Как во всяком заветном, духовно крупном произведении, в «Доме у дороги», если подумать, можно «выделить» несколько слоёв, троп, средоточий. Первое и очевидное — простая память войны, «жестокая память». Именно навязчивость этой памяти вызывала в первые послевоенные годы упрёки тех, иных критиков в адрес Твардовского. Смысл был тот, что, мол, хватит, пора кончать, поплакали — и довольно. Война позади, надо строить жизнь — думать о живых, нечего всё о жертвах, о жертвах.
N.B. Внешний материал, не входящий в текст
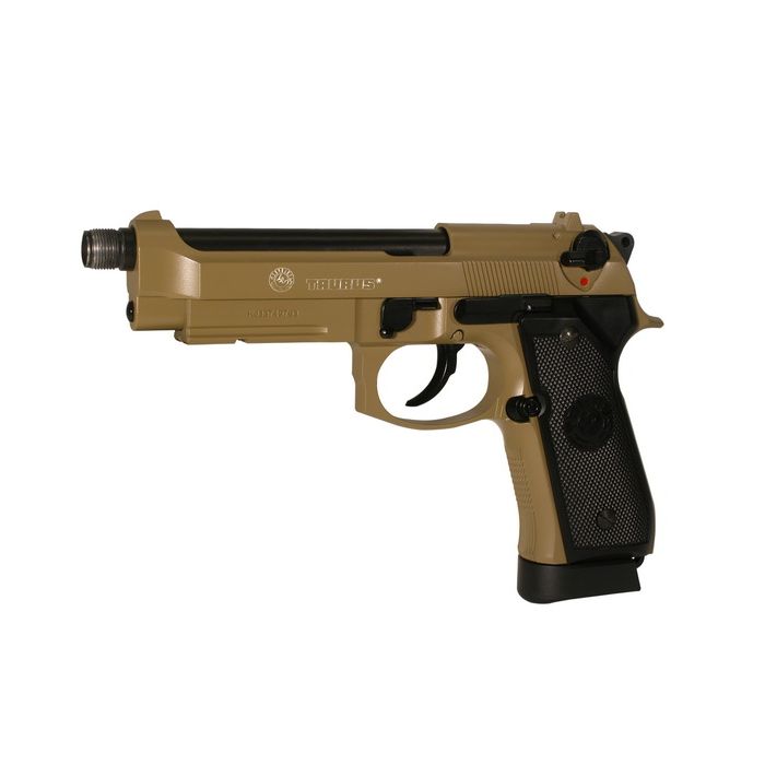 De semi-automatische Taurus PT92,C02 pistool is een duurzaam en realistisch uitziend Airsoft apparaat. Dit wapen is een onder licentie gemaakte replica van de Taurus PT92, 9 mm Parabellum pistool. De Airsoft sport versie heeft een volledig metalen behuizing, een 22 schots magazijn en een schot snelheid van 90 m/s (met 0.20 g BB's). Het repeteer systeem vuurt realistisch, waardoor u het gevoel krijgt van een echt vuurwapen. De verstelbare hop-up unit kan men fijn afstellen voor super nauwkeurigheid.

Твардовский и сам понимал, что невозможно идти по дороге, всё время глядя, оглядываясь назад — на тот сиротливо «заполненный товарищами берег», который «кроясь дымкой… уходит вдаль».
И, чуя там сквозь толщу дней и лет,
Как нас уносят этих залпов волны,
Они рукой махнуть не смеют вслед,
Не смеют слова вымолвить. Безмолвны.
Это написано в 1948 году — в продолжающуюся эпоху «Дома у дороги». Последние залпы — не только победа, но и последнее расставание с павшими, с которыми до этого — пока шла война и падали новые убитые — ты был «как бы наравне». Есть жёстокая логика дороги — логика жизни. Если ещё идёшь, приходится именно идти, и, да, невозможно всё время глядеть назад. Но и не глядеть — нельзя. Вот почему Твардовский будто неуверен — извиняется перед читателем, перед миром, перед собой (это уж из самого «Дома у дороги»):
…снова я до срока
Вернусь, товарищи, назад,
К той памяти жестокой…
Образ боли в этой поэме чрезвычайно глубок и, я бы сказал, сложен.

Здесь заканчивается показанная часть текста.